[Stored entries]

+ + +

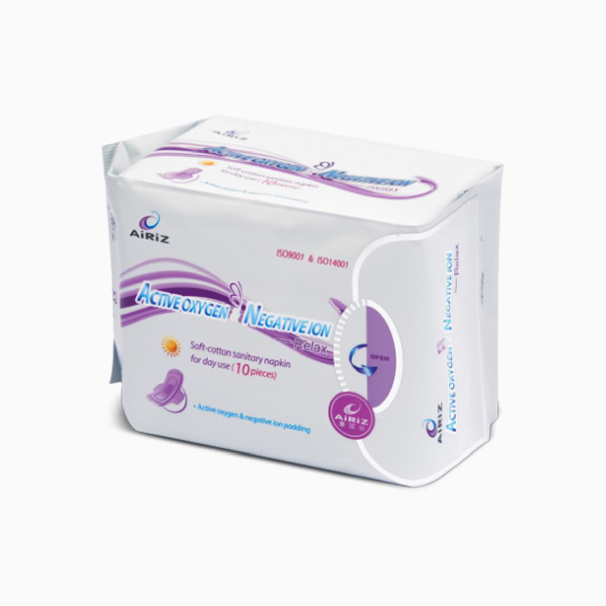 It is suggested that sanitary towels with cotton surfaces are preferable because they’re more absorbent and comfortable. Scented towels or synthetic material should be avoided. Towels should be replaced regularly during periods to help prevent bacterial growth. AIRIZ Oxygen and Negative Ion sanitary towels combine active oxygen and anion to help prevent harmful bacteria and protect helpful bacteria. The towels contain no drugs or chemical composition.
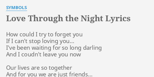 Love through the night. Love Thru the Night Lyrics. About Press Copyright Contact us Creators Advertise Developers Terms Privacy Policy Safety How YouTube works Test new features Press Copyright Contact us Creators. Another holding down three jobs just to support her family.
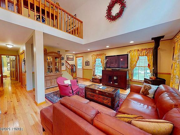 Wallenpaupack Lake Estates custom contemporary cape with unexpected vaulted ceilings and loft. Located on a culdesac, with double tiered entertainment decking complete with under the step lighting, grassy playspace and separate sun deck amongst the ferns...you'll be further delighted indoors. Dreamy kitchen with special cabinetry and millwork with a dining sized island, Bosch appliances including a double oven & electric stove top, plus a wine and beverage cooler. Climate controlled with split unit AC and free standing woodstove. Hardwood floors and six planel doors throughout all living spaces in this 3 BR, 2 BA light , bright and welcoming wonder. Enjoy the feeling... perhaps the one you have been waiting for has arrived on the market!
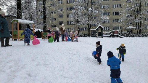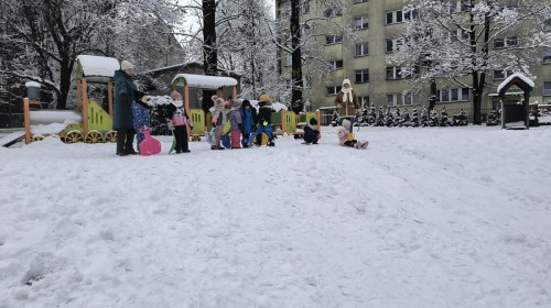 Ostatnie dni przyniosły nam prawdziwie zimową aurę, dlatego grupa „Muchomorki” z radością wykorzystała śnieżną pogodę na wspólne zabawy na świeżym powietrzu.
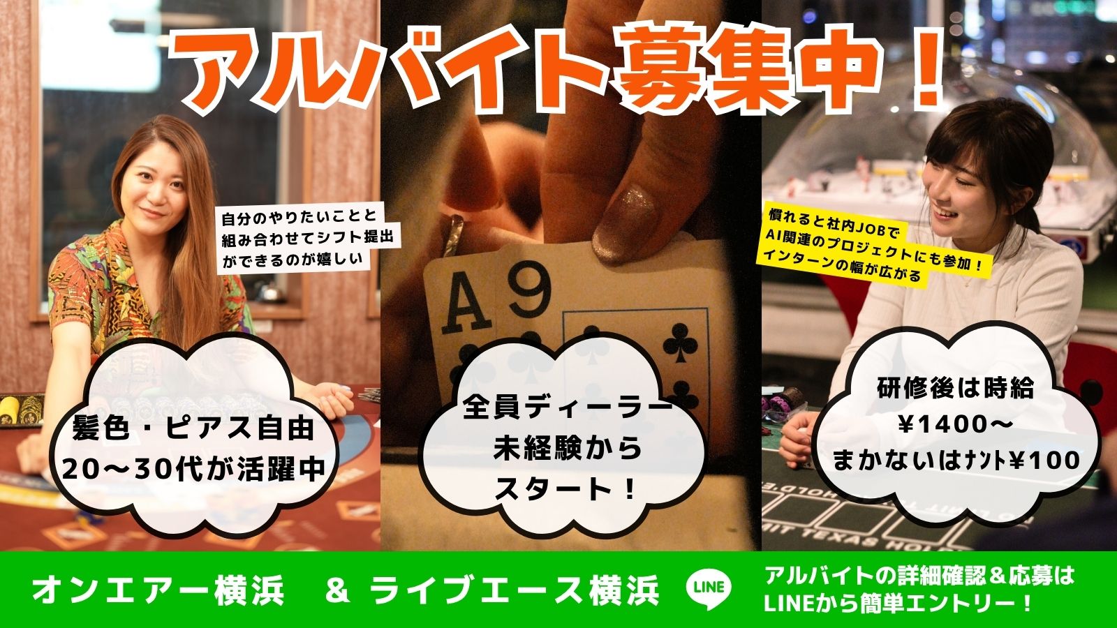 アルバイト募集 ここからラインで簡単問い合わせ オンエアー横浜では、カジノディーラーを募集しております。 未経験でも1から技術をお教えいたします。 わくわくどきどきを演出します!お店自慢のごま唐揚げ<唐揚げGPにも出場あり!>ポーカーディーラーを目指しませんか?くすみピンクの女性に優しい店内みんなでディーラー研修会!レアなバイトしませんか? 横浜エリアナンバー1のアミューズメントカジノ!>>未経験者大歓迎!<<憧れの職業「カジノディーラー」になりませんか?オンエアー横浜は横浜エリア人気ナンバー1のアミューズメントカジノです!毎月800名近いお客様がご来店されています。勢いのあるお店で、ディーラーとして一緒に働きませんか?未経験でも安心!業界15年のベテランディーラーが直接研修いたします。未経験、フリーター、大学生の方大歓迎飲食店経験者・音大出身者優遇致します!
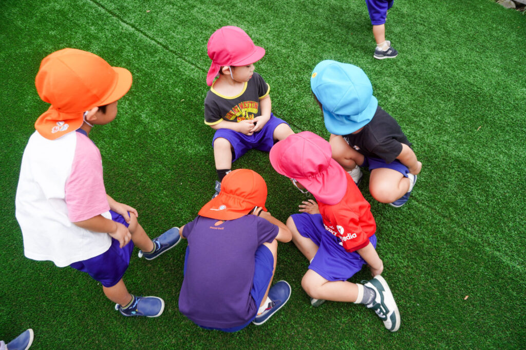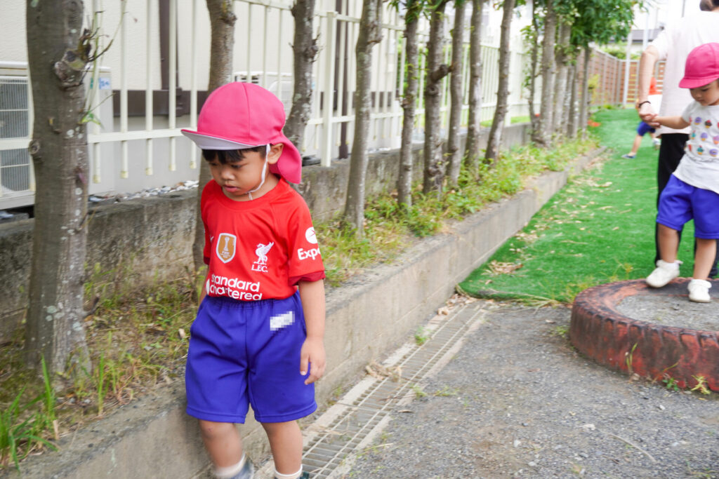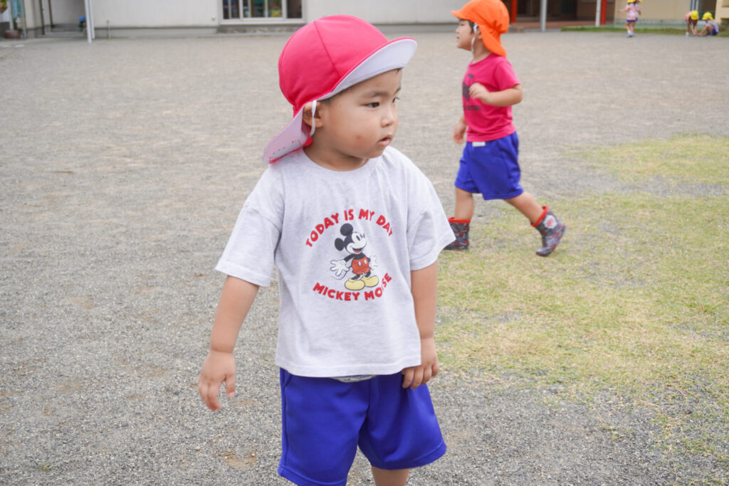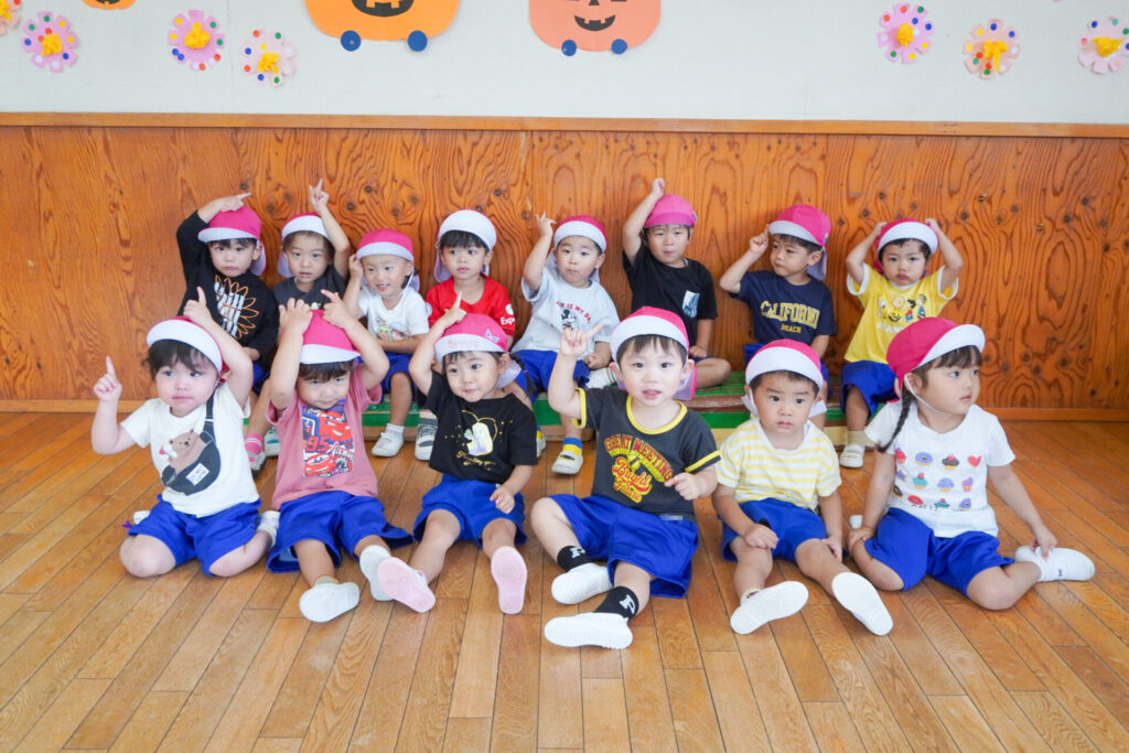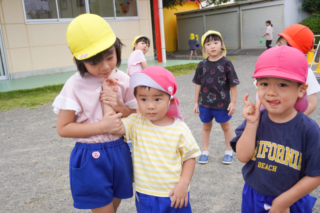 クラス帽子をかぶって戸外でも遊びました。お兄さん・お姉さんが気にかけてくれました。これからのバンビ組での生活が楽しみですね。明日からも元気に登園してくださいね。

+ + +

Your instructions.
Reproduce exactly the lines of the entries above from the first through the line with "Love through the", both included; pictures should not be reproduced.

The answer.
 It is suggested that sanitary towels with cotton surfaces are preferable because they’re more absorbent and comfortable. Scented towels or synthetic material should be avoided. Towels should be replaced regularly during periods to help prevent bacterial growth. AIRIZ Oxygen and Negative Ion sanitary towels combine active oxygen and anion to help prevent harmful bacteria and protect helpful bacteria. The towels contain no drugs or chemical composition.
 Love through the night. Love Thru the Night Lyrics. About Press Copyright Contact us Creators Advertise Developers Terms Privacy Policy Safety How YouTube works Test new features Press Copyright Contact us Creators. Another holding down three jobs just to support her family.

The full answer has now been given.